If each character printed requires an interrupt that
takes a total of 50 microseconds to process,
would it make sense to use interrupt-driven I/O to write
to this printer, or would it be better to use programmed I/O?
Why?
Now consider a system with a memory-mapped terminal,
and suppose that interrupts take a minimum of 100 nsec
to process and copying a byte
into the terminal's video RAM takes 10 nsec.
Would it make sense to use interrupt-driver I/O to write
to the terminal, or would it be better to use programmed I/O?
Why?
- (5 points)
The textbook divides the many routines that make up
an operating system's I/O software into four layers,
as shown in Figure 5-10. In which of these layers
should each of the following be done?
- Writing commands to a printer controller's device
registers.
- Detecting that an application program is attempting
to write data from an invalid buffer address.
- Converting floating-point numbers to ASCII for
printing.
- Computing the track, sector, and head for
a disk read operation.
- (5 points)
Consider a simple operating system that provides
only a single-level directory, but allows the directory
to contain as many files as desired, with file names as
long as desired. Would it be possible to use this
system to simulate
something resembling a hierarchical file system? How?
- (5 points)
Consider a digital camera that records photographs
in some non-volatile storage medium (e.g., flash memory).
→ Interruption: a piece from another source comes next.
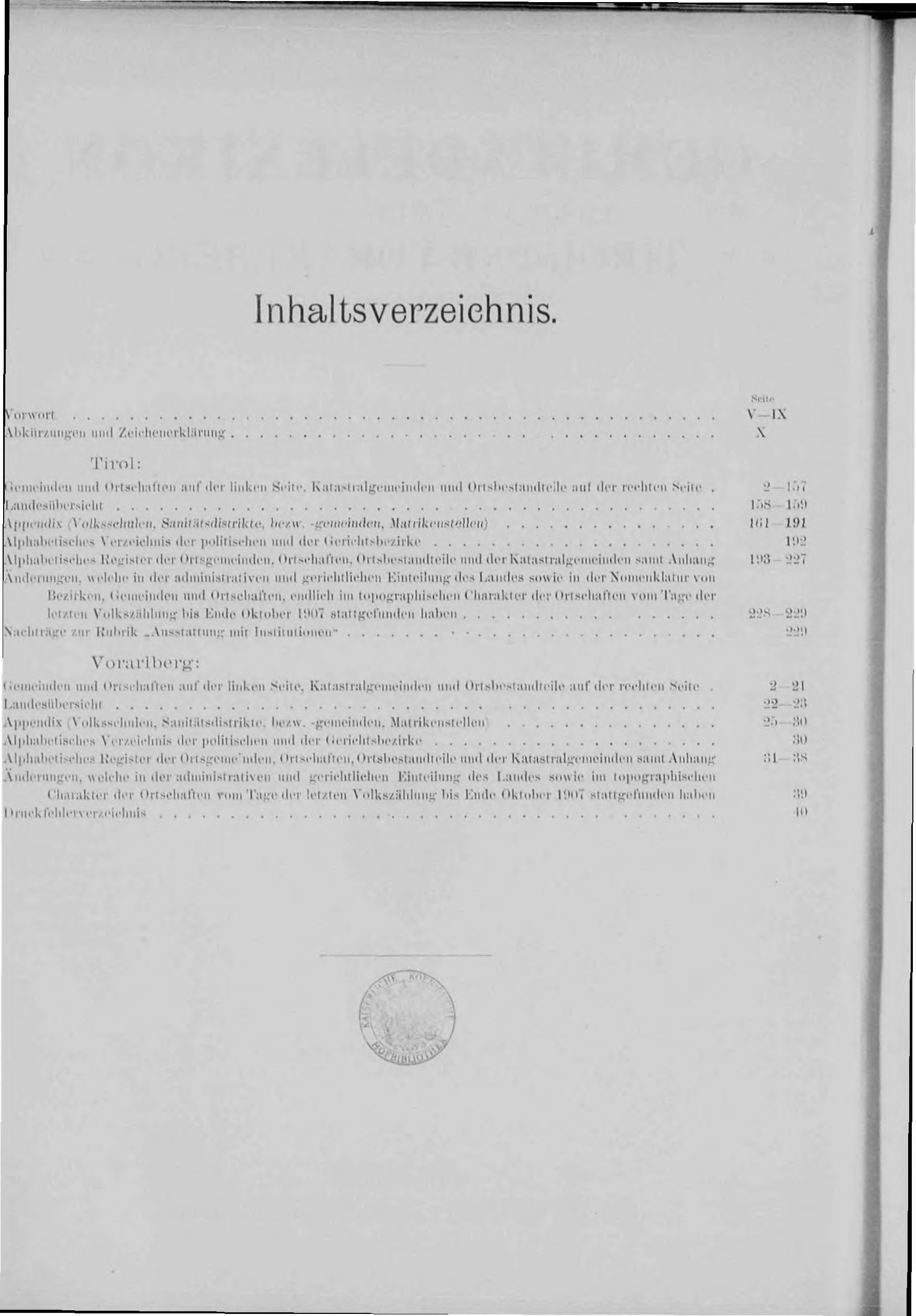 | Änderungen welche in der administrativen und gerichtlichen Einteilung des Landes sowie im topographischen Charakter der Ortschaften vom Tage der letzten Volkszählung bis Ende Oktober 1907 stattgefunden haben | 39 |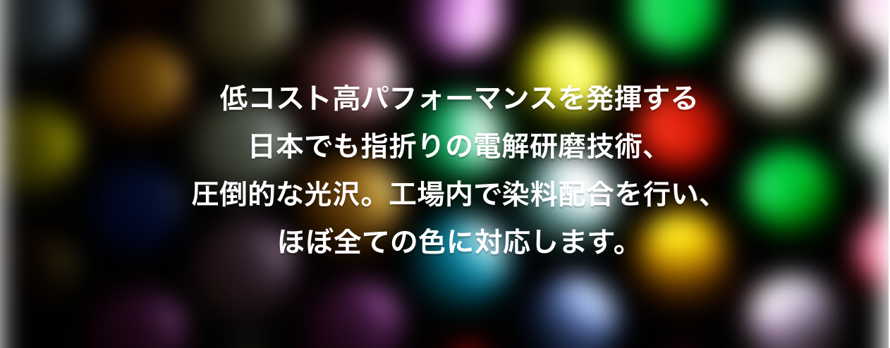 電解研磨、化学研磨、酸性エッチング(梨地)、アルカリエッチング、バフ研磨など、あらゆる選択肢に対応しています。

Photographs are recorded in sequence until the medium
is full; at that point, the photographs are transferred
to a hard disk and the camera's storage is cleared.
If you were implementing a file system for the camera's
storage, what strategy would you use for file allocation
(contiguous, linked-list, etc.) and why?
- (5 points)
The textbook describes two strategies
for keeping track of free blocks in a file system,
one using a list of free blocks and one using a bitmap.
What would happen if this free list or bitmap was completely
lost because of a system crash -- is there a way to recover,
or must you hope you have a backup of any critical data?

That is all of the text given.